Other tasks have included evacuating Tanzanian troops from Kamina in the DRC before advancing rebels got there, providing ships to stand by during diplomatic efforts, flying protection teams for presidential visits, assisting other countries after ammunition explosions and sinkings of ferries, and flying rescue teams to Algeria and Iran after earthquakes.

And in the meantime the defence force has had to deploy staff to take over from striking nurses, troops to protect nurses and doctors, troops to support the police in crime suppression operations, technical personnel to repair sewerage systems neglected to the point of disaster, troops to enforce the Covid-19 lockdowns, troops to put down the rioting in 2021, and now troops to protect power stations.

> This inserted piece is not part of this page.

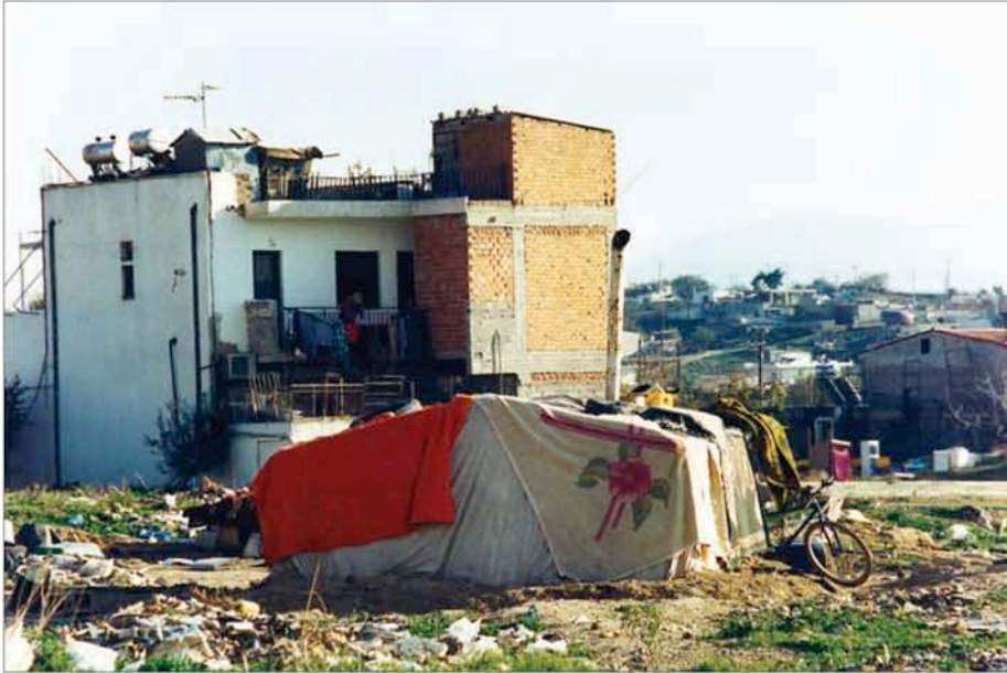
T.A.M.A. (Temporary Autonomous Museum for All): Sans titre , 1998. Tirage Lambda, 1,26m x 1,80m, tiré à 5 exemplaires. Collection privée.

Not to mention flood rescue in Mozambique and elsewhere, bridge repair in Zimbabwe and election support in the DRC, and security for the AU founding session, World Cup 2010 and a host of other missions, some requiring major deployment.

Through all of this the defence force has somehow pulled a rabbit out of its hat each time and done the job, usually well, sometimes astonishingly well. There is nothing wrong with our people, but it is money that makes the machine work. The defence force is not just the guarantor against aggressive adventures, but also something of a jack of all trades, able to help out in myriad ways. But it cannot go on doing so forever on a declining budget, especially with its list of tasks steadily expanding.

Any machine that is overused, overstressed and undermaintained will eventually fail and finally break. So will the SANDF. And then we will blame the soldiers.

• Heitman is an independent security and defence analyst.